RECORD FILE: what are default options and how can be changed?

Hello!

I use the RECORD FILE command in AGI projects and I was wondering what are default options and how to change them:

filename - i use a random string
format - i use WAV but I wonder if MP3 is supported too

The sample rate of WAV files I get from record file is 8000Hz, though I would like to know if I can make recordings at 16000Hz or 44100Hz because some ASR services need files at this sample rate to work.

Thanks for any info you can give about.

You don’t want to use .WAV for speech recognition. For 8kHz, you want to use .wav. The former has a GSM payload, the latter has a linear PCM one.

I don’t believe that MP3 is supported for recording, and it would be overkill for telephone quality speech and would need to be converted to linear PCM, for the algorithms.

If you are using traditional telephone quality speech, there will be no benefit in going beyond 8,000 Hz sampling (the best you might get from some PSTN calls, everything else being right, is 16,000), but the .sln formats, which are are raw PCM, with no meta data, would allow you to record with up sampled audio. .sln16 is 16,000, and .sln44 is 44,100. The second parameter of Record() sets the format.

None of this will improved the recognition of sibilants, if the original audio is standard PSTN 8kHz rate.
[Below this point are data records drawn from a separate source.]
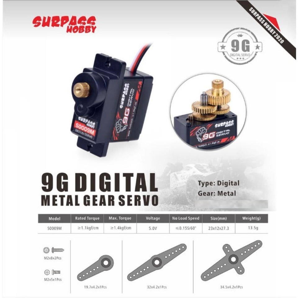 SURPASS Hobby S0009M 9g Metal Gear 1.4KG Digital Servo for RC Fixed-Wing Airplane Robot Car Boat Duct Plane 1/24
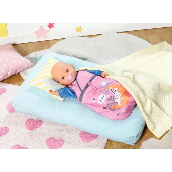 „Gääähn!“ Oh, es ist schon spät, BABY born muss dringend ins Bettchen. In ihrem kuscheligen Schlafsack döst es sich besonders gut. Hase Benno hat es sich als Druck auch schon mal auf dem Schlummermond bequem gemacht. Die grauen Abnäher sind ein weiteres Design-Highlight. Dank des Kletts an den Trägern kann die kleine Träumerin einfach in den Schlafsack gelegt und wieder herausgenommen werden. Gute Nacht!
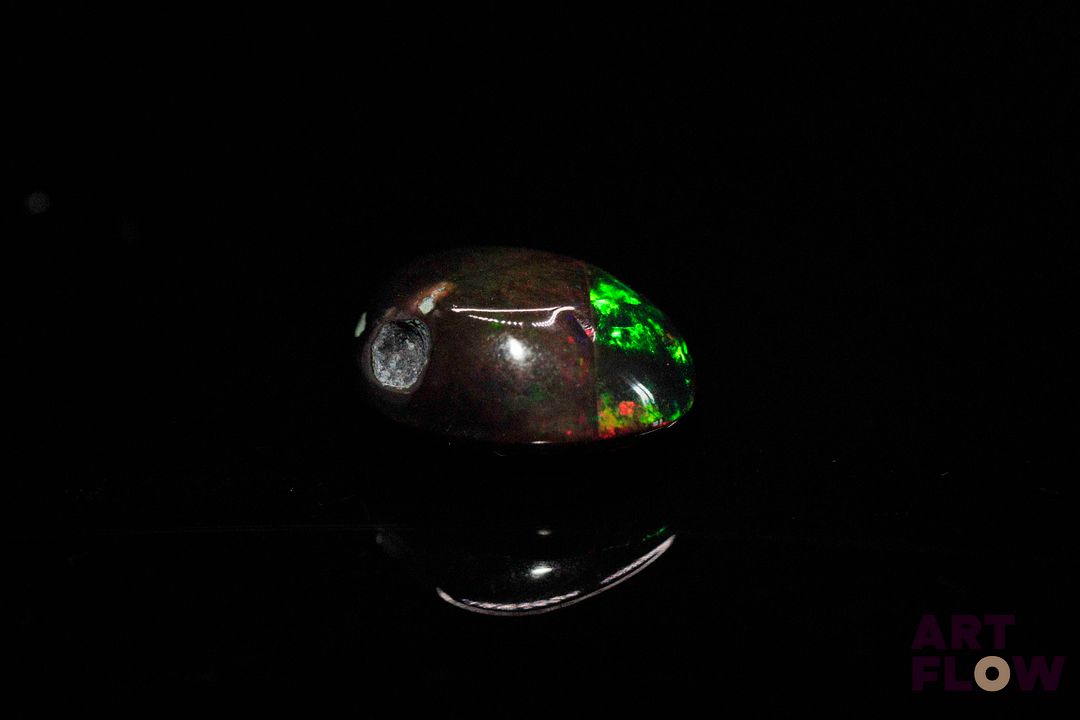 Opale noire cabochon ovale fantaisie. 5.55 cts. 14.5mm x 11.2mm
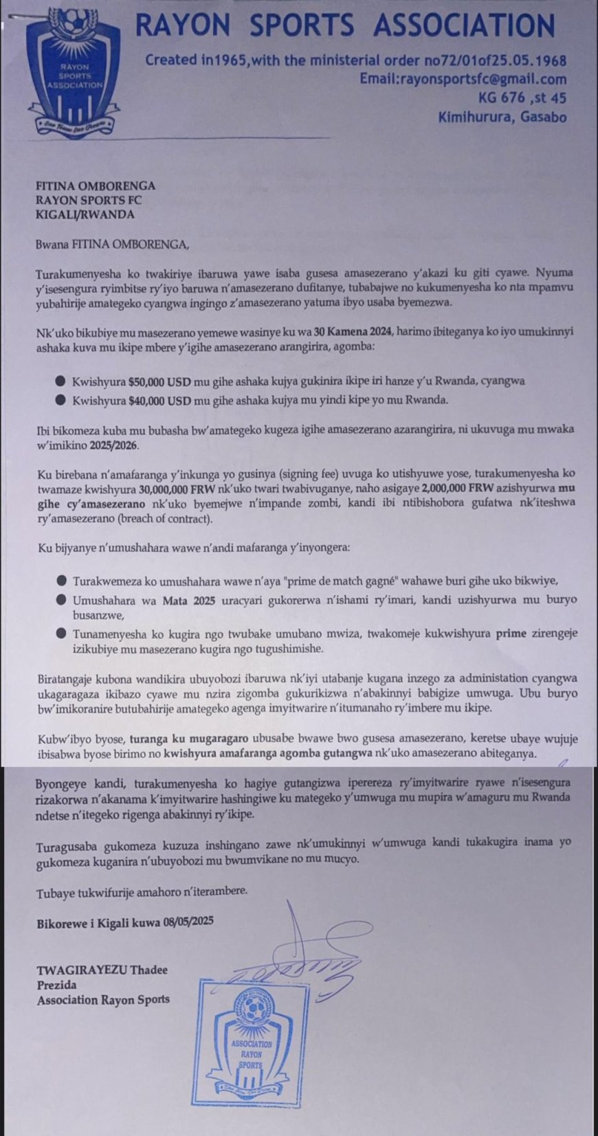 Uretse ibi byose, Rayon Sports yatangaje ko yatangiye iperereza ku myitwarire ya Fitina Omborenga, aho bashaka kureba niba hari ibyo yakoze binyuranyije n’amahame agenga abakinnyi n’amasezerano asinywa hagati y’uruhande rw’umukinnyi n’ikipe.
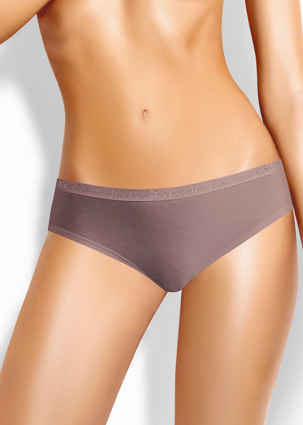 Трусы бразилиано женские из эластичного полотна с хлопком и модалом в составе. Обработка по талии - фирменная жаккардовая резинка, по ноге - подгибка.
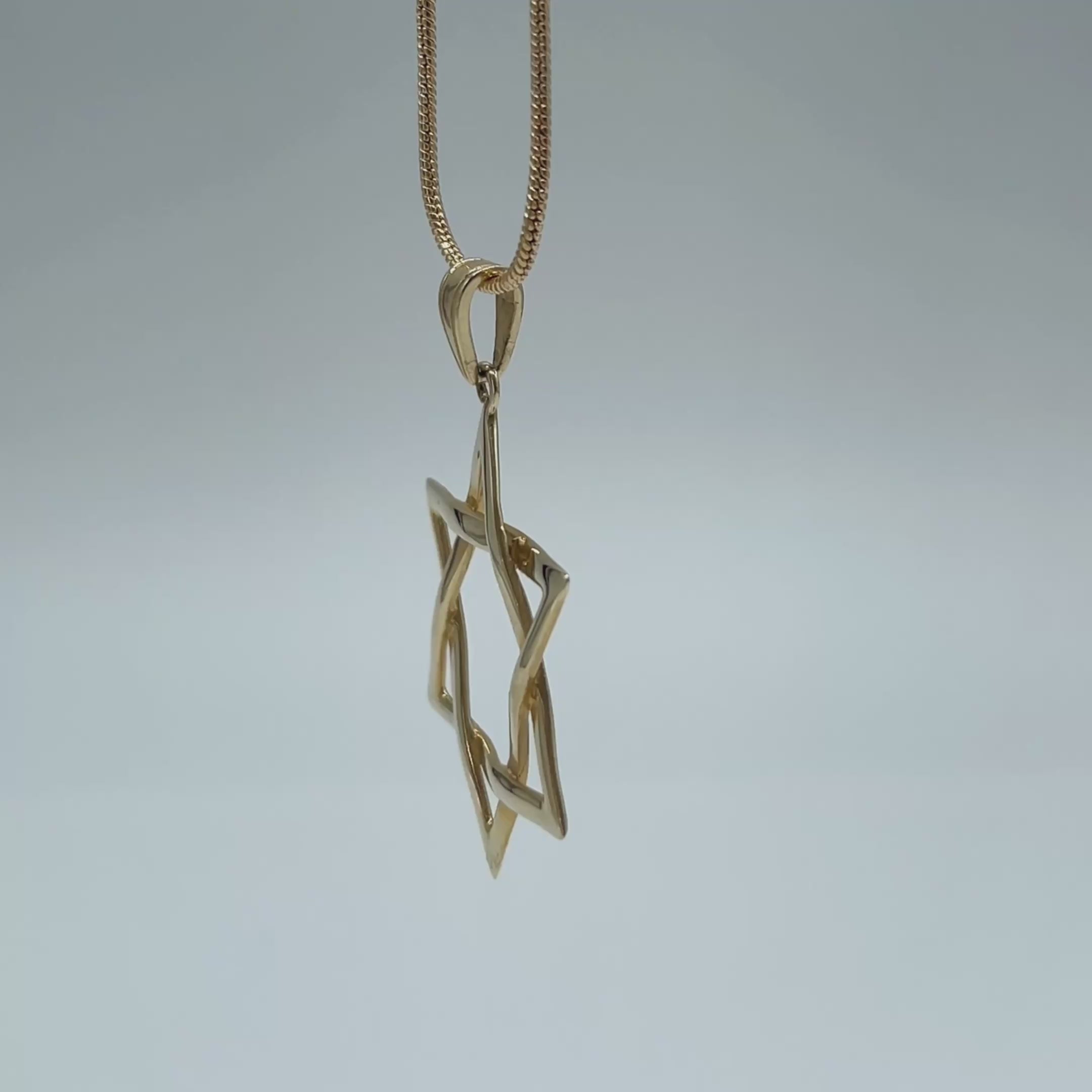 Elegante colgante de estrella de David entrelazada en oro macizo de 14 quilates
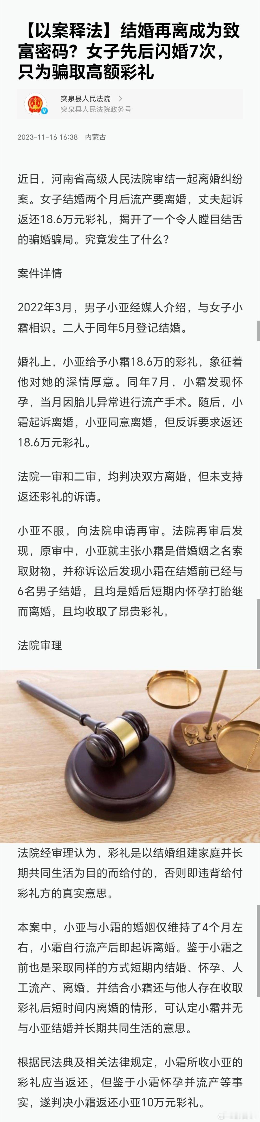闪婚的结果,大概率是闪离。智搜显示,男方是在今年5月与婚介公司签订合同,支付2万定金后赶往贵州,最终在见面后第2天即与女方订婚。给付彩礼等各项费用,合计42万。结果,仅2个月后,女方就以回家考驾照为由,闪现跑路。到底是不是骗婚,目前来看证据不足。因为,契合当前法律的骗婚行径,必须是有身份作假为前提,而像是身份正常,但确有骗取钱财的,一般都只会认为是男方倒霉。大家可以看下图2的案子。先后闪婚7次,连法院都觉得不对劲了。但是没办法,判不了诈骗,因为人家是“合法创业”,没有虚构身份,亦未有信息造假。哪怕就是奔着骗钱去的,18.6万彩礼,最后也只返还了10万。
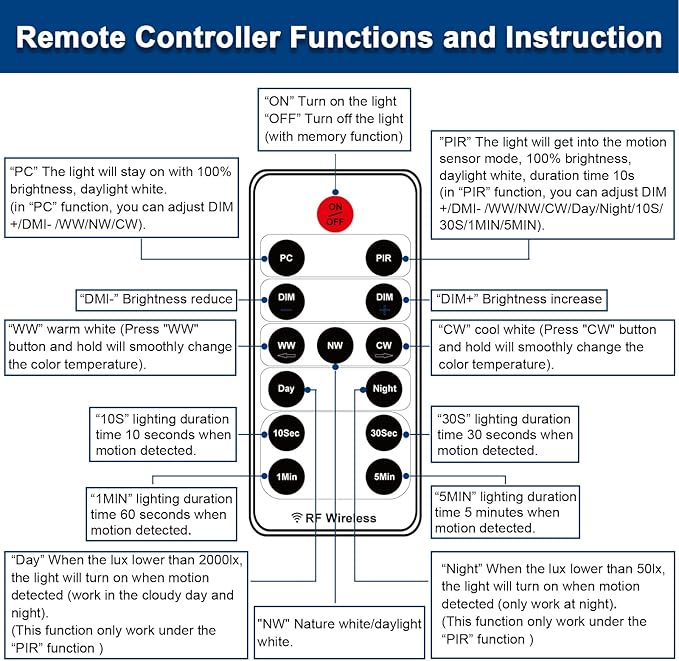 - [ 2 Optional Lighting Modes ] 1). Stay on mode (Press "PC" button): use as a normal light, will stay on non motion sensor, you can adjust brightness and color temperature; 2). Motion Sensor Mode (Press "PIR" button): make the sensor work, you can adjust brightness and color temperature.
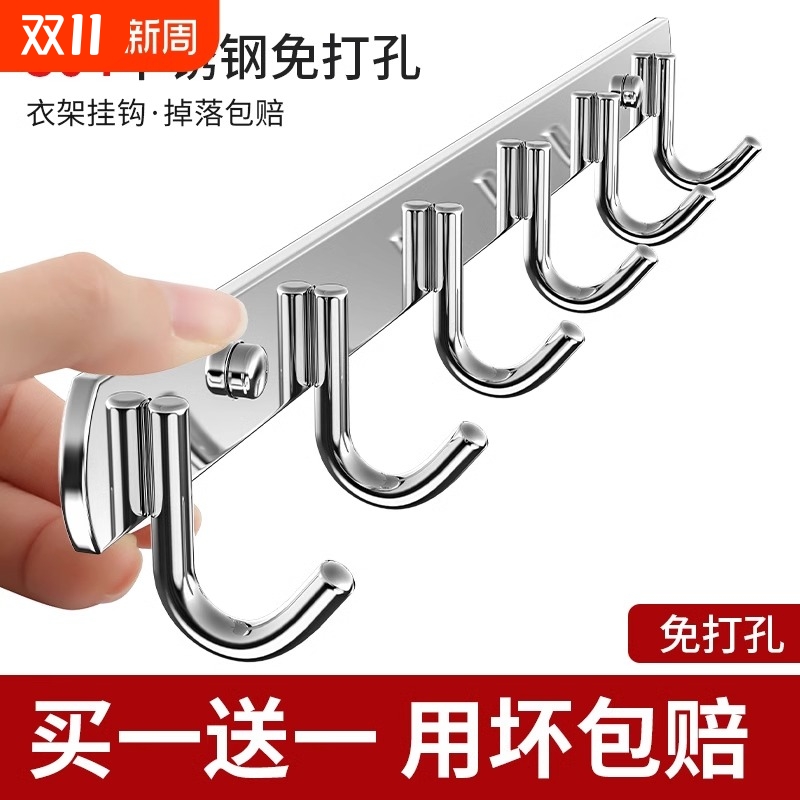挂钩壁挂墙壁不锈钢衣帽架毛巾衣服排钩厨房粘勾浴室免打孔挂衣钩
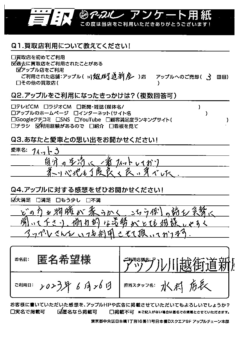匿名希望様 車名:ホンダ フィット(H25年9月以降のハイブリッド含む)
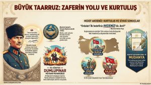 Mudanya Ateşkes Antlaşması ve Önemi Büyük Taarruzun ardından imzalanan Mudanya Ateşkes Antlaşmasının önemini ve sonuçlarını gösteren infografik çalışmasıdır…
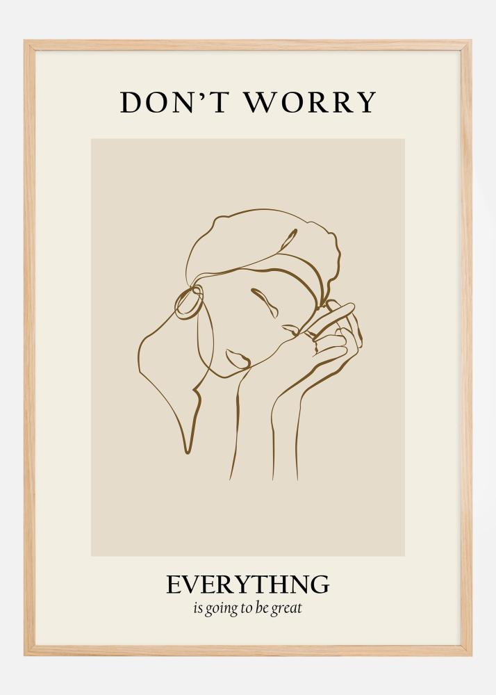 Denne kunstneriske plakaten fanger et rolig øyeblikk av refleksjon og indre fred gjennom en linjetegning av en person som holder hånden mot ansiktet. Teksten "DON'T WORRY" i store bokstaver overskrider bildet og gir en beroligende påminnelse, mens "EVERYTHING is going to be great" understreker budskapet med en mer ettertenksom tone. Dette moderne kunstverket er perfekt for å skape en følelse av ro og optimisme hjemme eller på kontoret.
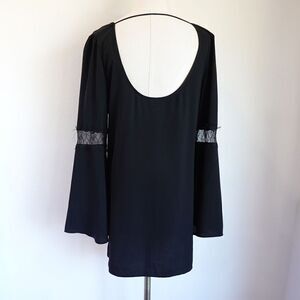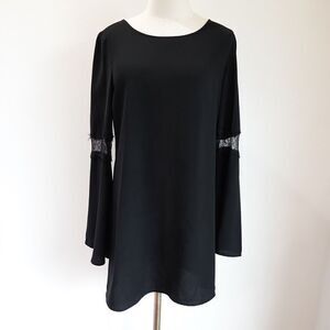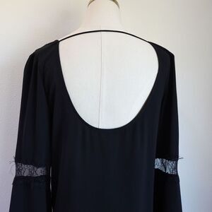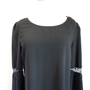 Leith Day Shift Dress with Bell Sleeves Black Lace Insert Size M
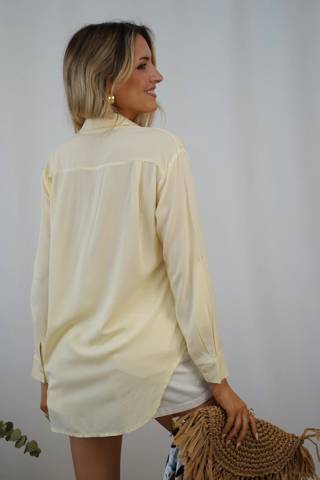 ✔ Diseño: Corte clásico y atemporal, con cuello camisero y botones al frente. Su calce relajado y fluido la convierte en una prenda versátil y elegante.
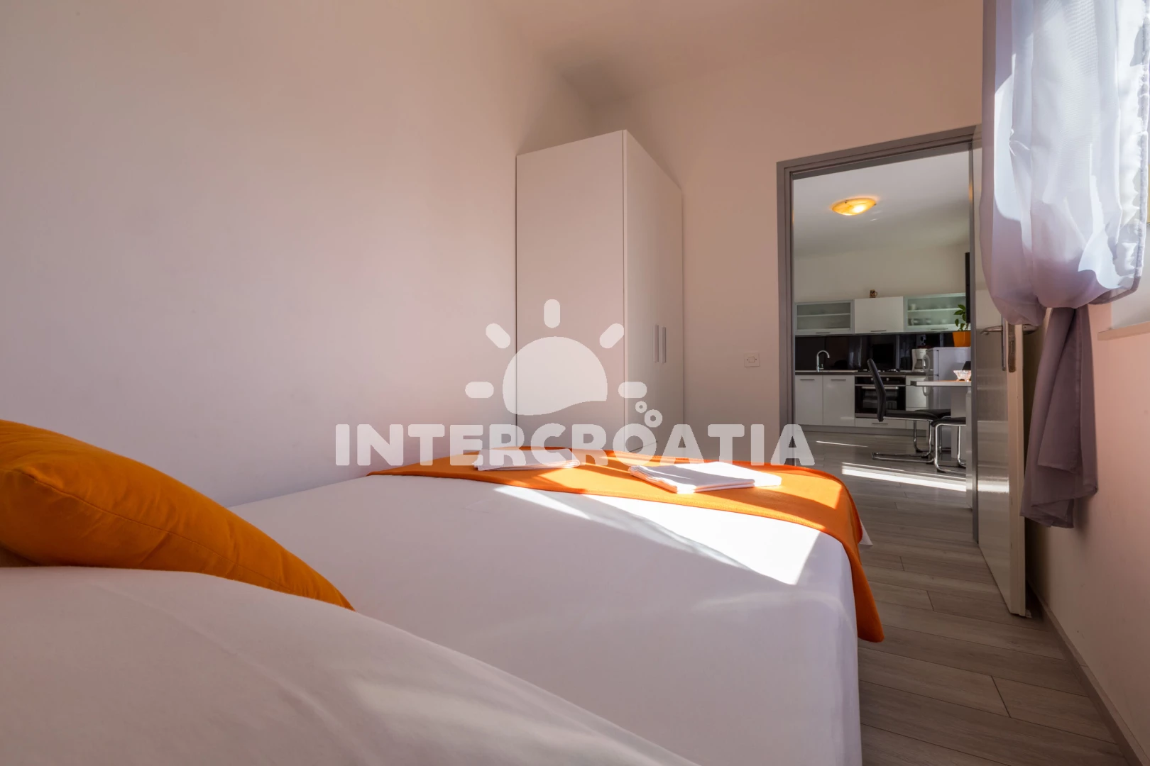 Apartmán (40 m2) s balkonem, a výhledem na moře. Nachází se v 1. patře objektu. Apartmán má 1 ložnici a je vhodný pro až 3 osoby. Kuchyňská linka je vybavena varnou deskou, kávovarem, toustovačem, mikrovlnnou troubou, rychlovarnou konvicí, nádobím, lednicí, mrazákem. V obývací místnosti je rozložitelná pohovka (extra lůžko pro 1 osobu). K dispozici televize se satelitním programem, žehlička. Ložnice s dvoulůžkem. Koupelna se sprchovým koutem, umyvadlem, fénem a WC.
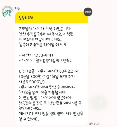 타슈 요금 체계와 이용 시간

Actually, if someone is only offering 44.1kHz, I would seriously wonder whether the model has been trained on telephone quality speech.

Thanks that is an explanation way better than what I was expecting.
The problem appears to be related to general support for 8000Hz audio because even if it is upsampled at 16000Hz or more, the transcript is blank.
At this point I have opened a ticket with a sound sample to the provider of the transcription service.

Hi,

please let me know what scenario you need this for!

Do you need it to trigger an action in the dialplan when a specific word is recognized, or do you need it for full transcription?

If it’s about triggering a dialplan action based on a recognized word, you could install Vosk in a Docker container. It works quite well for me, since I prefer to process the data offline instead of using external ASR services.

Actually, if someone is only offering 44.1kHz, I would seriously wonder whether the model has been trained on telephone quality speech.
That was illuminating. I asked support of the ASR service and indeed the model i was sending queries, it was not trained at all to transcribe telephony quality speech.
What solved the case was using a custom legacy model that the ASR service was already trained for telephony audio and that was a legacy model that a customer was used to.

—-

please let me know what scenario you need this for!

Do you need it to trigger an action in the dialplan when a specific word is recognized, or do you need it for full transcription?

*If it’s about triggering a dialplan action based on a recognized word, you could install Vosk in a Docker container. It works quite well for me, since I prefer to process the data offline instead of using external ASR services.
*
The goal was to recover the functionality of an ASR service provider which as a product was supported years ago. The new API system has a new interface, so software changes needed to be made.

Vosk is definitely an interesting suggestion I will be looking into, thanks!
So far I have tried Whisper tiny model.
The target languages are English and Italian.

This topic was automatically closed 30 days after the last reply. New replies are no longer allowed.